Nomaan M.
Rezayee
,
Vibeke H.
Lauridsen
,
Line
Næsborg
,
Thanh V. Q.
Nguyen
,
Henriette N.
Tobiesen
and
Karl Anker
Jørgensen
*
Department of Chemistry, Aarhus University, DK-8000 Aarhus C, Denmark. E-mail: kaj@chem.au.dk
First published on 13th February 2019
The first organocatalysed, metal-free cross-nucleophile coupling of indoles with α-branched aldehydes forming acyclic stereoselective quaternary carbon centres is presented. Applying an amino acid-derived catalyst with suitable organic oxidants affords the desired enantioenriched indole functionalised products with moderate to excellent yield and enantioselectivity.

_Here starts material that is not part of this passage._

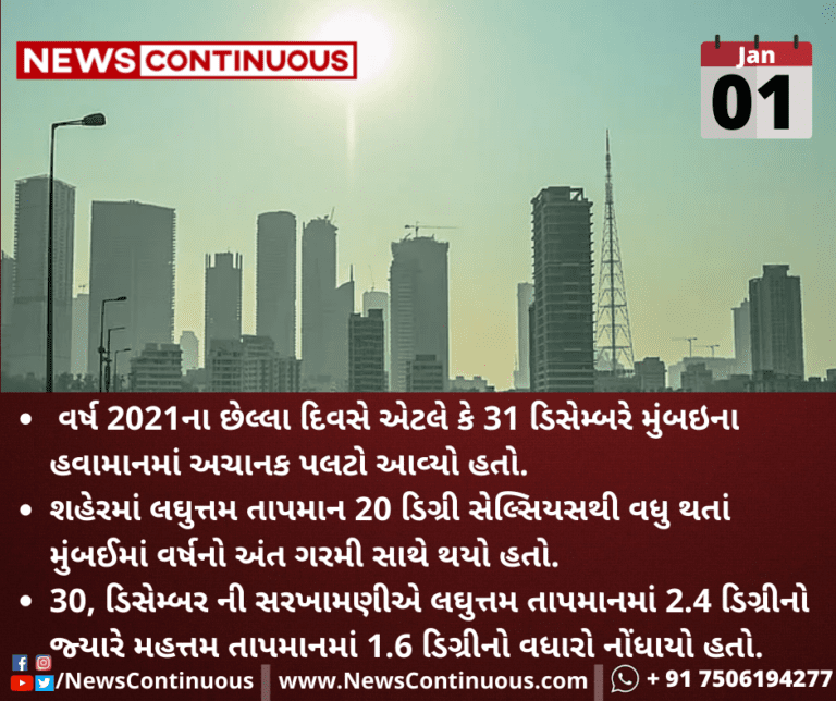 વર્ષ 2021ના છેલ્લા દિવસે એટલે કે 31 ડિસેમ્બરે મુંબઇના હવામાનમાં અચાનક પલટો આવ્યો હતો.

Two metal-free oxidative protocols employing either DDQ or a sequential approach that uses two organocatalysts to facilitate the use of O2 as the terminal oxidant are disclosed. These methods are compatible with various indoles ranging from electron-rich to -deficient substituents at the C-2, -5, -6, and -7-positions reacting with a series of different α-branched aldehydes.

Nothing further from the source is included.